- Avitanallur Location in Kerala, India Avitanallur Avitanallur (India)
- Coordinates: 11°30′01″N 75°48′21″E﻿ / ﻿11.5002000°N 75.80592°E
- Country: India
- State: Kerala
- District: Kozhikode

Population (2011)
- • Total: 18,378

Languages
- • Official: Malayalam, English
- Time zone: UTC+5:30 (IST)
- Vehicle registration: KL-

= Avitanallur =

 Avitanallur is a village in Kozhikode district in the state of Kerala, India. Avitanallur has been made famous by the birth of N. N. Kakkad, the famous Malayalam Poet. While Avitanallur is the official name of the village, it is locally renowned and directed as Kootallida.

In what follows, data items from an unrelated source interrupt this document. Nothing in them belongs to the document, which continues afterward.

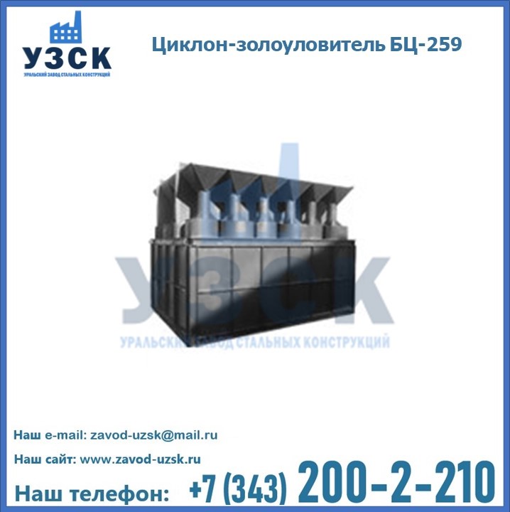 Если вы планируете купить то или иное оборудование, например, циклоны-золоуловители БЦ-259, то рекомендуем заказать данный товар на сайте УЗСК. Мы производим и реализуем продукцию высокого качества по приемлемой цене. Эксперты Уральского Завода Стальных Конструкций в Саратове проконсультируют вас по всем вопросам, помогут сделать выбор и оформить заказ без лишних временных затрат. Мы гарантируем соответствие нашей продукции всем требованиям ГОСТ и ТУ, а также износостойкость и высокую производительность предлагаемого оборудования. Если требуется изготовить циклон нестандартных размеров, то такой вариант выполнения заказа тоже предусмотрен, так как предприятие имеет собственные производственные площади и надежных поставщиков. На все поставляемое или производимое оборудование имеются чертежи и прочая техническая документация. Заказать и купить циклоны или прочее оборудование высокого качества и по доступной цене можно через наш сайт или по указанному в разделе «Контакты» телефону.
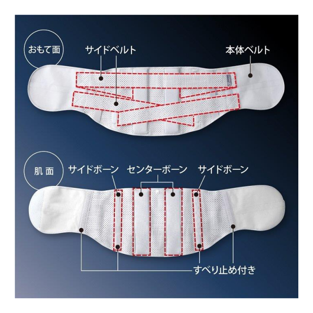 本体ベルト+サイドベルト(上下)が独立しているので、ご自身の身体に沿って調整ができます。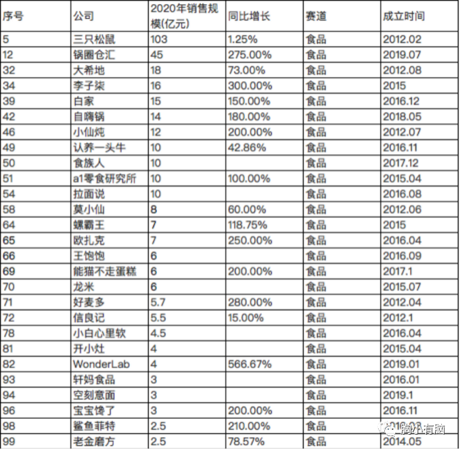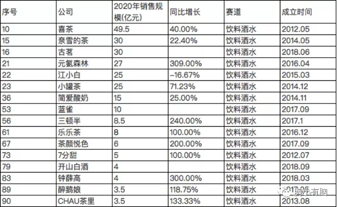 (天猫上2020年一百个表现出色的高增长典型的国货品牌,分别是食品、酒水饮料、美妆、家居赛道)

The place name (Avita-Nalla-uur) in Malayalam means "That is a good place". This small village had nearly 300 Illams (Brahmin House) in which most of them was attacked and looted during Mysorean invasion of Malabar.

==Demographics==
At the 2011 India census, Avitanallur had a population of 18,378 with 8,651 males and 9,727 females.

==Transportation==
Avitanallur village connects to other parts of India through Koyilandy town. The nearest airports are at Kannur and Kozhikode. The nearest railway station is at Koyilandy. The national highway no.66 passes through Koyilandy and the northern stretch connects to Mangalore, Goa and Mumbai. The southern stretch connects to Cochin and Trivandrum. The eastern National Highway No.54 going through Kuttiady connects to Mananthavady, Mysore and Bangalore.